Yeah, I seem to vaguely remember this from a compilers course in school.  I also seem to remember that FORTRAN also lacked a disambiguated grammar.  FORTRAN, I think, is in such a state because it was created before all of the language theory machinery existed - or at least before it was popularized.  Does anyone know what the justification for this design decision was when creating C++ ?

[DISCLAIMER:  My memory ain't so hot, so the above paragraph may be completely off base!  :-(  ]

dave
Monday, March 8, 2004

Hmmm... can't comment on the statement, but on firing the person who wrote it:

Someone I know who manages the care and feeding of millions of dollars worth of aircraft told me a story about a guy who caused thousands of dollars in damage through accidental misuse of a piece of equipment (not in his shop though).  I made a comment about how fast the guy must have gotten fired and he said not if it had been up to him.  The reason: once educated as to the damage caused and why it happened, that employee was almost garanteed to *never* make that particular mistake again.  If he fired him, he would have no such garantee from his replacement.  Is this a reasonable parrallel?

Sorry a bit off topic, but since the firing suggestion was already brought up...

MacSqueeb
Monday, March 8, 2004

I worked in a shop that gave c++ programmers a technical "test".  Yep, you were given a test and it was scored.

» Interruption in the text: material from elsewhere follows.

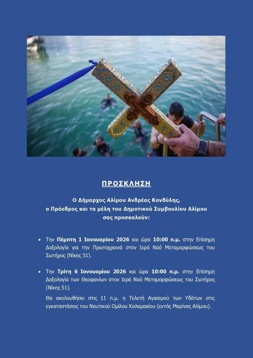 Ανήμερα των Θεοφανίων, την Τρίτη 6 Ιανουαρίου 2026 στις 10:00 π.μ., θα λάβει χώρα η Επίσημη Δοξολογία των Θεοφανίων στον Ιερό Ναό Μεταμορφώσεως του Σωτήρος (Νίκης 51), του Δήμου Αλίμου.

I think it had more to do with the ego of the test-giver than the skill of the test taker. 

Oddly enough, the people that did really well on the test always declined our offers.  Once the CTO caught wind of it the practice was ended.


Monday, March 8, 2004

Dennis (Atkins) It's undefined in C as well - the C standard has identical wording, although sequence points aren't mentioned in K&R.

I suppose it's always possible that the interviewer was aware of this, and wanted to weed out people who'd write this sort of thing.

as
Monday, March 8, 2004

Maybe there's a black hole in everyone's monitor blocking the part where I mentioned that this interview question is not the intended subject.  Maybe your internet filter(s) blocked the part where I said that this sort of irrational absolutist nonsense is all over everywhere?  If you missed it, that's ok.  I'll just restate the conclusion:

Please stop making irrational, blanket declarations already.  Thanks.


Maybe instead of linking to a programmer weblog I should have done the homework and instead used this:

---
"I boycott everything that involves corporations," said Jennifer Durocher, a first-year anthropology and history student. "I think everything in this world should be boycotted."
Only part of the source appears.